Eleven years ago, this past weekend, was when I arrived in Kenya. So I’ve been a bit reflective, remembering the wonderful, adventurous year that that was for me.
This past weekend in the news, the president described a few countries as s***hole countries. African countries lumped together in his slur. Countries which happen to be some of my most favorite places on the planet. Nations which happen to be the home to some of my most favorite people.
Yesterday at church we sang the hymn Immortal, invisible, God only wise. In the second verse there is a phrase that says, silent as light. I have not been able to stop turning that phrase over in my mind since singing it yesterday morning. In the afternoon I cracked open a new library book only to read this. Endure with courage, resist with wisdom, persist in faith. -Michele Peonix.
This morning I wake up and it is Martin Luther King Jr day. I cannot help but think of his life and his words that still ring out.
I am baffled, upset, confused, shocked that the president can say such horrible things. Though, sadly, given this track record, not at all. And all I feel the need to say about him is the fact that he is wrong.
My mind goes back to the phrase silent as light. We can not dispute the light. There is darkness that covers the night and then the light always comes up, every day. We can not say that it is not there. It just is and even on the cloudy days, it is bright enough to light our world. Flames burn, that is their job. Some are small atop lit candles, flickering. Other are raging infernos, engulfing. They are lights by the very nature that that is what they are. We can not change it or dispute it. Light is light.
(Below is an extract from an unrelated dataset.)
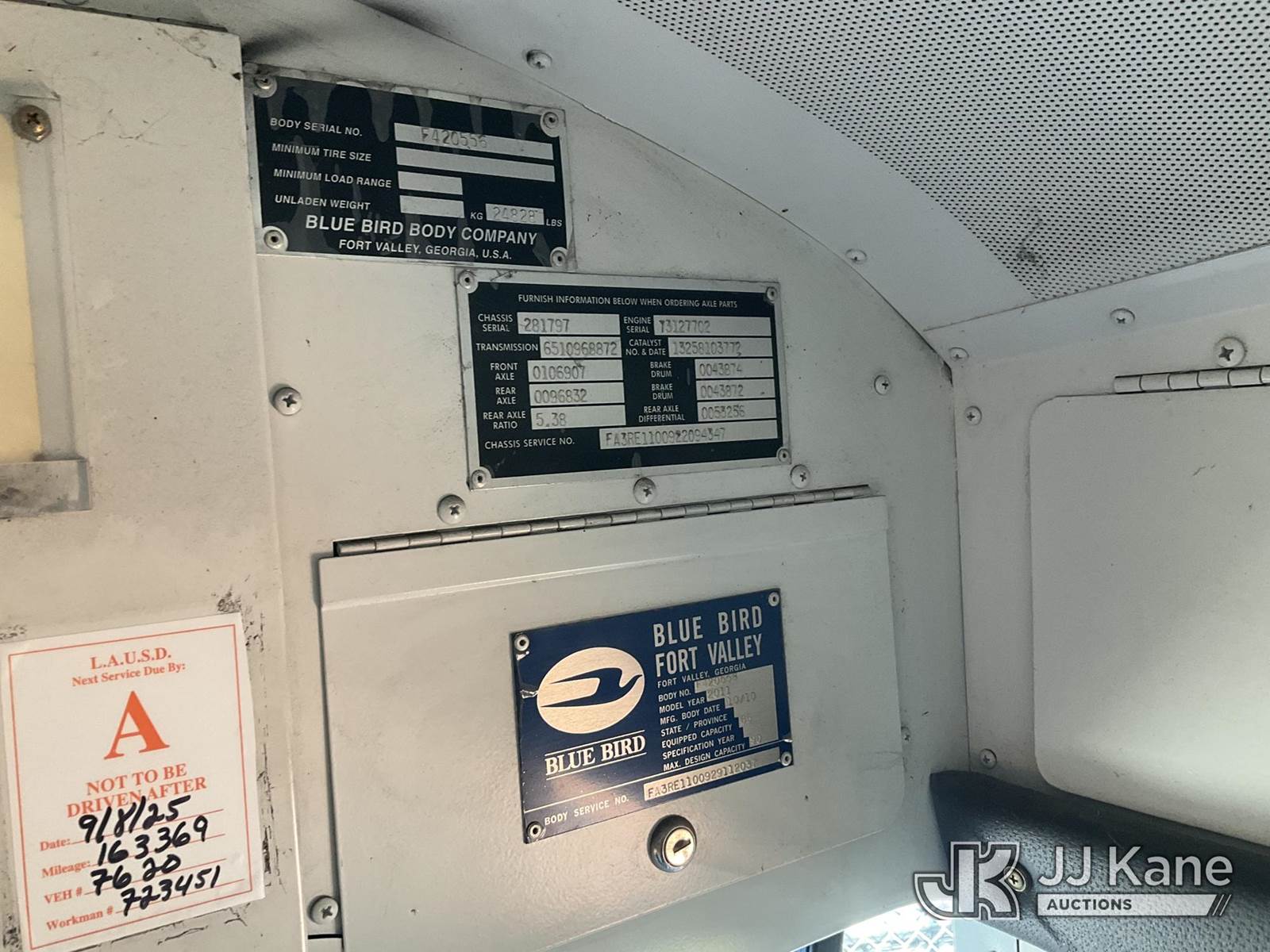 2011 Blue Bird School/Transit Bus School Bus, Cummins 8.9L Auto, CNG Only, with 65 Passenger Seating , True Mileage Unknown (Not Running, Condition Unknown) (Cng Tanks exp dates 07/2025 ok to sell PS per Ibrahim (Abe) Mobarak) (Bidding Restricted to Licensed Vehicle Dealers Only), This is a Titled Item NOTE: This unit is being sold AS IS/WHERE IS via Timed Auction and is located in Jurupa Valley, CA. Inspection & preview days for this unit are the 2 business days prior to the first day of items closing for this auction, item is located at 4510 Muth Way Jurupa Valley, CA 92509 and hours of operations are 8a-4p. For pre-sale questions, please contact please contact Office Staff @ (310) 353-7140. Dealer License Number 45696. (Buyer is responsible for removal. Assistance by consignor or JJ Kane Auctions is not assured.)

This weekend I paged through photos of my year in Kenya. So many memories, every single emotion. I often find myself on a rabbit trail of thought dreaming of a trip back to Kenya with my niece and children. This weekend I felt ashamed at the words coming from the leader of this country. This weekend I found comfort and inspiration in the words of a hymn to carry on silent as light. Truth in the darkness, we cannot dispute.